There is one way to get around this, which is layer 2 protocols that publish very small amounts of data on-chain, but do computation entirely off-chain. If data is guaranteed to be available, then computation being done off-chain is okay, because games for adjudicating who did computation correctly and who did it incorrectly are game-theoretically stable (or could be replaced entirely by SNARKs or STARKs). This is the logic behind ZK rollup and optimistic rollup. If a blockchain allows for the publication and guarantees the availability of a reasonably large amount of data, even if its capacity for computation remains very limited, then the blockchain can support these layer-2 protocols and achieve a high level of scalability and functionality.

Just how much data does the blockchain need to be able to process and guarantee? Well, it depends on what TPS you want. With a rollup, you can compress most activity to ~10-20 bytes per transaction, so 1 kB/sec gives you 50-100 TPS, 1 MB/sec gives you 50,000-100,000 TPS, and so forth. Fortunately, internet bandwidth continues to grow quickly, and does not seem to be slowing down the way Moore's law for computation is, so increasing scaling for data without increasing computational load is quite a viable path for blockchains to take!

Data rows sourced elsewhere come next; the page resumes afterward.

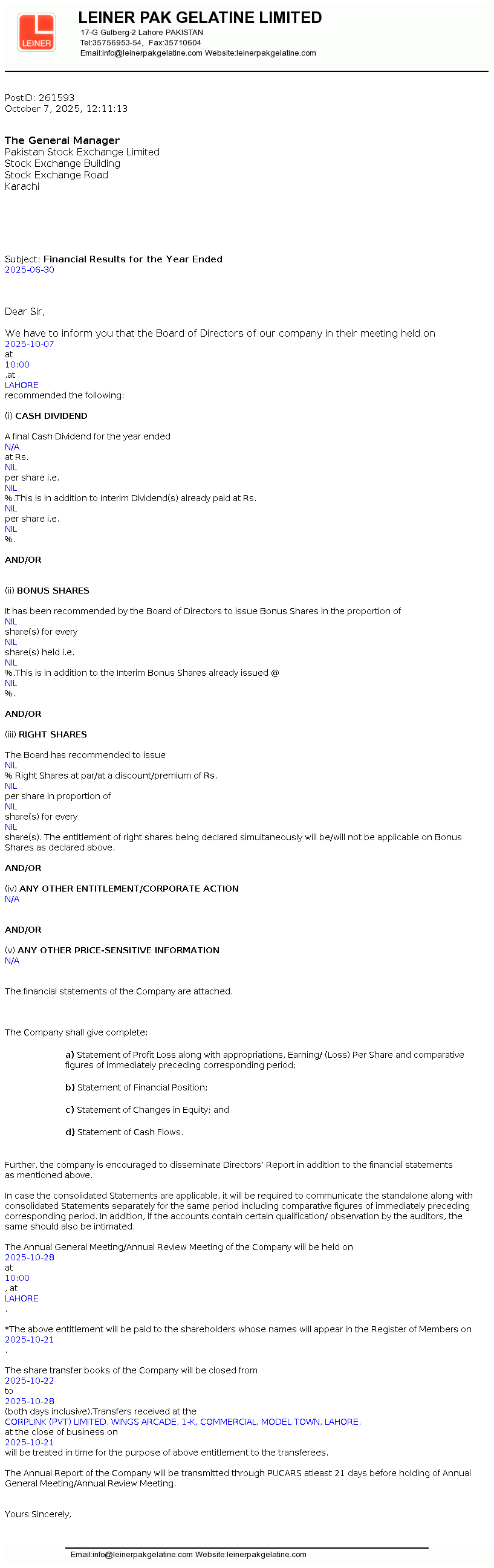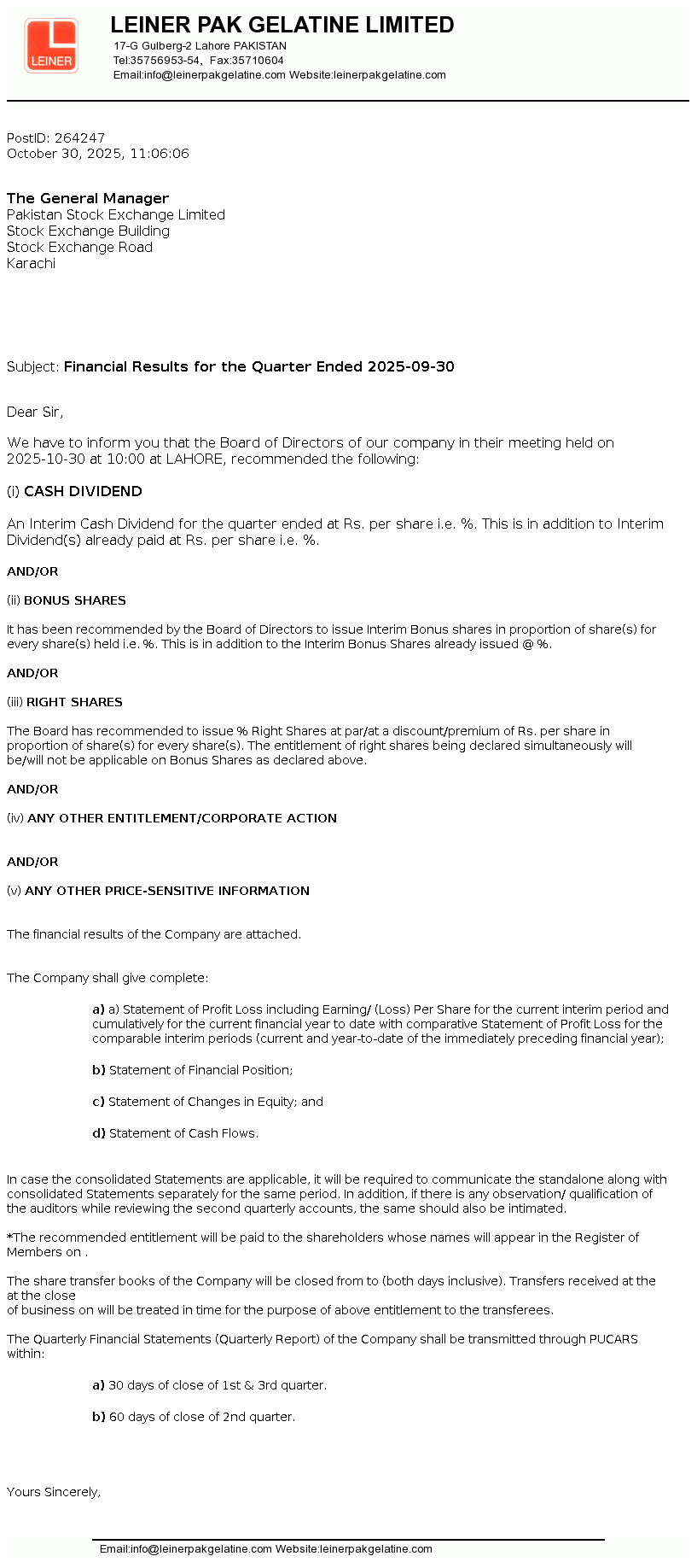 Latest Dividend
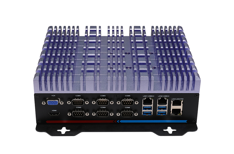●接口豐富 6*USB3.0,32* GPIO(16*GPI,16*GPO),1*遠程開關(guān),1*VGA,1*HDMI,支持雙屏同步異步顯示,標配4*Intel LAN,6*COM(標配6*RS232,COM1-2可選RS232/422/485),支持1*M.2(2242/2260/2280,SATA SDD),1*2.5寸硬盤位,2*MINI PCIE(支持WiFi或擴展卡),1*SIM槽,2*M.2(支持1*M.2 2242 Sata SSD 和1* 5G/3052或 4G/3042模塊),6*天線孔
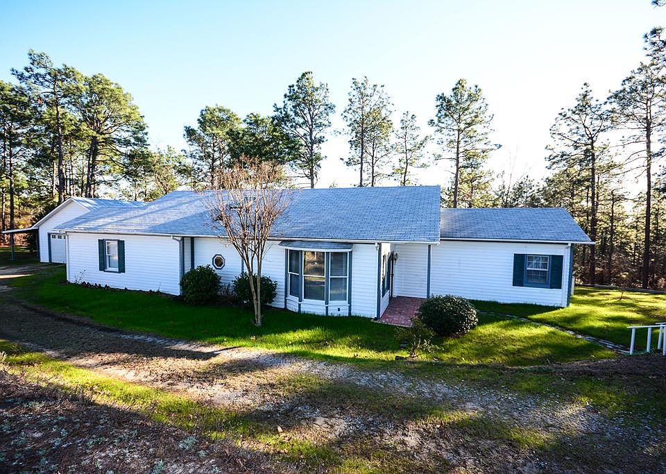 Great home with updates located close to I-20. Sale includes 1 acre, the house, the garage, and workshop. Additional land totaling up to 12 acres, which could potentially have commercial value in the future, can be purchased for 8k/acre or all the land and house together for $240,000. The home has 2 bedrooms and an office that could work for a 3rd bedroom. The floor plan is very open and has engineered hardwood floors in the living room and dining room. The kitchen has a tile floor and counters
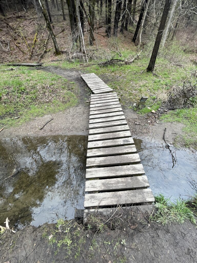 In addition to the phenological changes I have observed in my phenology spot, there has also been some evidence of human change. The most notable of these human changes is the addition of wooden bridges to help people avoid walking through the mud. Every time I have come back to this spot I have noticed there are more wooden bridges along the path, and it seemed like this time there was significantly more than the last time. I also have noticed the wear on the grasses in the places that people walk. I have noticed that some bare spots have appeared now that the grasses are growing again, in places that are off the trail. I think I had some part in this because one of the bare spots is where I like to stand when observing my phenology spot.
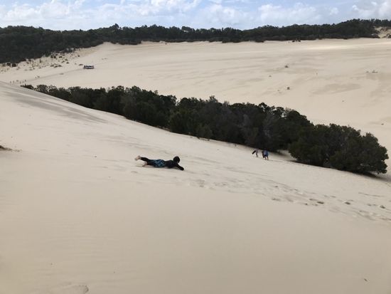 サンドスライディングは砂漠の上から気持ちよく滑れるので、スリル満点でした。

Note also that it is not just data capacity that matters, it is also data latency (ie. having low block times). Layer 2 protocols like rollup (or for that matter Plasma) only give any guarantees of security when the data actually is published to chain; hence, the time it takes for data to be reliably included (ideally "finalized") on chain is the time that it takes between when Alice sends Bob a payment and Bob can be confident that this payment will be included. The block time of the base layer sets the latency for anything whose confirmation depends things being included in the base layer. This could be worked around with on-chain security deposits, aka "bonds", at the cost of high capital inefficiency, but such an approach is inherently imperfect because a malicious actor could trick an unlimited number of different people by sacrificing one deposit.

Conclusions

"Keep layer 1 simple, make up for it on layer 2" is NOT a universal answer to blockchain scalability and functionality problems, because it fails to take into account that layer 1 blockchains themselves must have a sufficient level of scalability and functionality for this "building on top" to actually be possible (unless your so-called "layer 2 protocols" are just trusted intermediaries). However, it is true that beyond a certain point, any layer 1 functionality can be replicated on layer 2, and in many cases it's a good idea to do this to improve upgradeability. Hence, we need layer 1 development in parallel with layer 2 development in the short term, and more focus on layer 2 in the long term.